Dludla adds that it also assisted in reducing waste: “it helped with finding out which drugs we should cut down on in terms of spending, because they were frequently expiring and being sent back”.
But particularly for rural hospitals like Benedictine, infrastructural problems can pose obstacles. Dludla says that since 2021, network problems caused by loadshedding have prevented the use of RxSolution throughout the hospital. Today, the software is only used in the pharmacy. Sibanda explains that “ideally RxSolutions should be [in each section of the hospital], but there have been challenges”. Aside from loadshedding “some hospitals can’t get a computer into each and every ward,” he says.
Monitoring suppliers
The National Health Department has also been monitoring drug suppliers. Jamaloodien says that companies that are awarded national tenders to provide medicines are “contractually bound to [provide] up-to-date production pipeline data for products that they supply. The mandatory six-month pipeline window allows for proactive prediction and management of looming supply challenges.”
Policies like this have good international precedent. Preliminary evidence found that Canada managed to reduce drug stockouts by forcing pharmaceutical companies to notify them of any supply interruptions. To work, they need to be implemented effectively however, and the National Health Department has previously complained that companies weren’t routinely notifying them of supply interruptions.
Yet if the health department has generally been making such positive strides toward reducing shortages, why are there still so many stockouts?
Global shortages
Part of the problem is international, says Andy Gray, a pharmacy expert at the University of KwaZulu-Natal: “globally, there is a problem with the security of supply in the pharmaceutical industry. For example there are a number of older cancer drugs that are out of stock in the US at the moment, and the UK has had persistent problems with antibiotics.”
Indeed, last week the European Union announced details of a “solidarity mechanism” in which member states who face drug shortages can now request donations from other European countries if they have exhausted all other options. This was after Europe faced repeated shortages of key medicines over its winter.
If a single factory runs into a problem, this can disrupt global supply, including in South Africa, where locally made drugs usually require active ingredients from abroad. Indeed, a 2020 paper found that pharmacists in Gauteng’s hospitals were often left waiting for medicine orders for months after the delivery deadline and many believed that this was due to contracted suppliers facing shortages of active pharmaceutical ingredients.
Local dynamics also play a role however. Problems have historically included the failure of provinces to pay contracted suppliers on time, staff shortages at clinics (which force overworked nurses to be in charge of stock management) and delays in the awarding of pharmaceutical tenders.

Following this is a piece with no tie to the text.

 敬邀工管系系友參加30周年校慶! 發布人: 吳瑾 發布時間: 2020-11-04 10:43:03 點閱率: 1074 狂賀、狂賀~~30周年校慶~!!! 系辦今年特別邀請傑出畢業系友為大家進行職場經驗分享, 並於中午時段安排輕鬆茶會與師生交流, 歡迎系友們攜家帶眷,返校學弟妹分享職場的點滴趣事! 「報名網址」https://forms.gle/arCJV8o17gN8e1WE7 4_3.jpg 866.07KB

Split tenders to reduce vulnerability of supply
According to Gray, another issue is the overreliance on individual companies: “all too often the contract [to supply a particular drug] is awarded to a single supplier”. The conditions of pharmaceutical tenders often stipulate that if the company can’t meet its contractual obligations, the government can turn to alternative suppliers. But that’s easier said than done, says Gray: “If that single supplier is unable to meet demand…the alternative suppliers in the country simply don’t have the volumes to substitute…especially if there’s no prior warning that there is going to be a problem in supply”.

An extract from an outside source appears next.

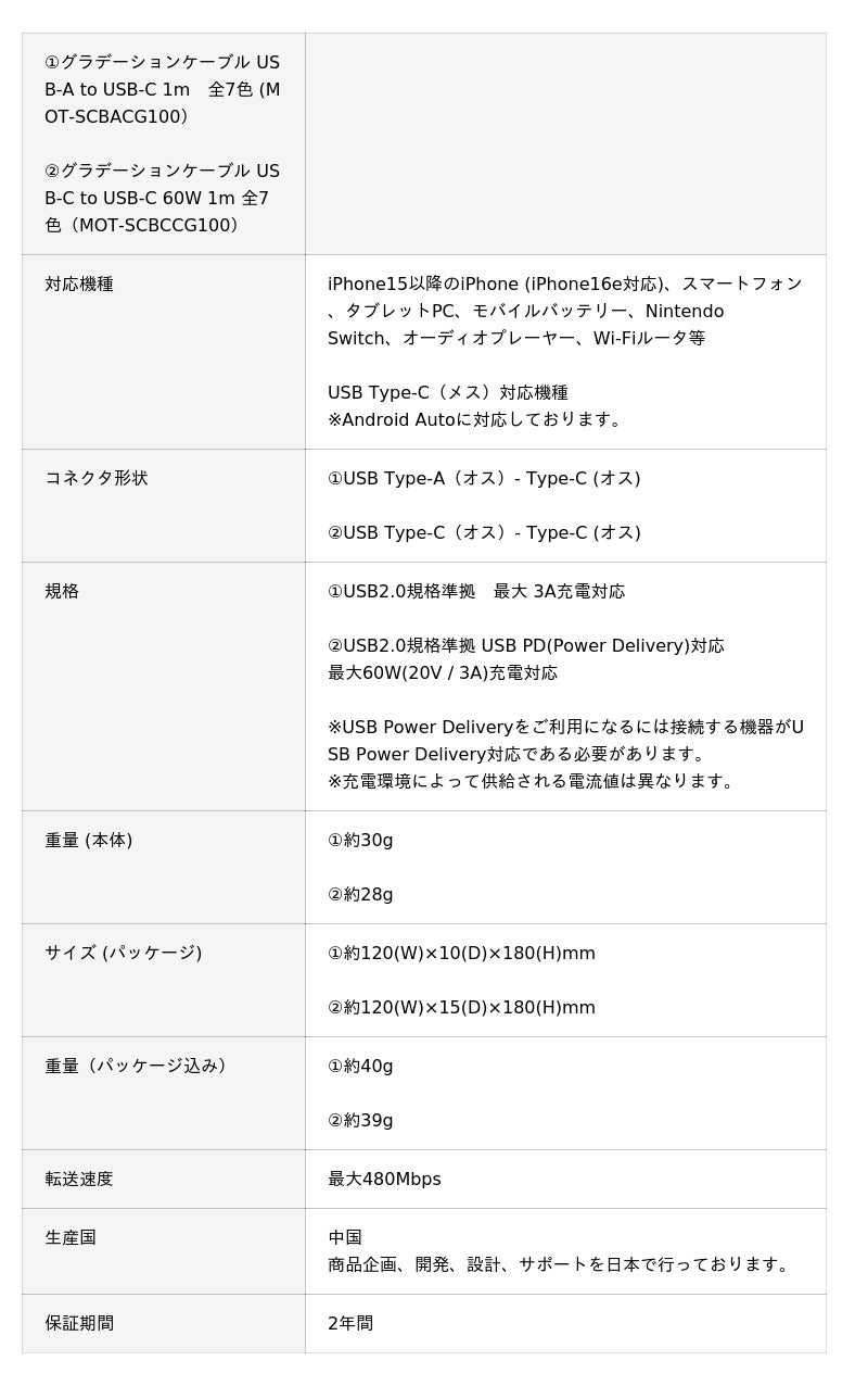 グラデーションケーブル( USB-A to USB-C / USB-C to USB-C 100cm)

Jamaloodien argues that: “many contracts are currently awarded with…quantities split among suppliers”. However, doing so more frequently would present its own problems, as requiring several companies to produce small amounts of drugs “can invite higher prices because the price is largely related to economies of scale”. In other words, it’s cheaper for one company to supply all the drugs.

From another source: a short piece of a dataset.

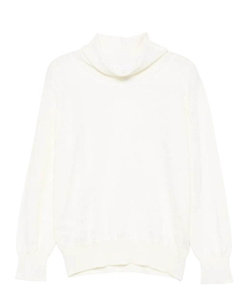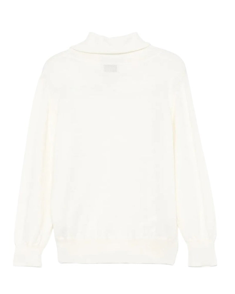 Maglia avorio realizzata in lana da bambina. Presenta colletto alto con design morbido, maniche lunghe e finiture a coste.

Gray acknowledges this but argues that the trade-off needs to be made more often in certain cases: “Vital medicines for which there are no alternatives are being given to maybe one or two suppliers”. The vulnerability this creates can come at enormous cost to patients.
He urges: “for vital medicines we need more split tenders”.
Disclosure: Spotlight editor Marcus Low was a member of the Stop Stockouts Project steering committee for several years in the mid-2010s. Also, Ritshidze is mentioned in this article. Spotlight is published by SECTION27 and the Treatment Action Campaign (TAC) and TAC is a Ritshidze member organisation. Spotlight is however editorially independent – an independence that the editors guard jealously. Spotlight is a member of the South African Press Council and subject to the Press Code.
At 18 Spanish hospitals, when a patient with brain metastasis undergoes surgery, they can donate a tiny part of their brain to the first repository of brain metastasis living samples in the world, based at the Spanish National Cancer Research Centre (CNIO). A world-first collection, it was created to accelerate the search for therapies against brain metastasis, a disease that affects up to 30% of patients with systemic cancer.
The creators of this repository, called RENACER (Spanish acronym for the National Brain Metastasis Network), are two CNIO researchers, Manuel Valiente, head of the Brain Metastasis Group, and Eva Ortega-Paíno, director of the Biobank. They explained the advantages of the collection in the journal Trends in Cancer. In just three years RENACER has compiled samples from more than 150 patients.
The truly unique feature of RENACER, which makes it a valuable tool for the international scientific community, is that it contains living samples, conserved in cultures that enable the cells to continue behaving in a similar way as they were in the body.
A living biobank that enables organotypic cultures
“We have built a ‘living’ biobank” write Valiente and Ortega-Paíno. And this characteristic can be “transformative, not only for research but also for clinical trial design, especially when focused on unmet clinical needs, such as brain metastasis”.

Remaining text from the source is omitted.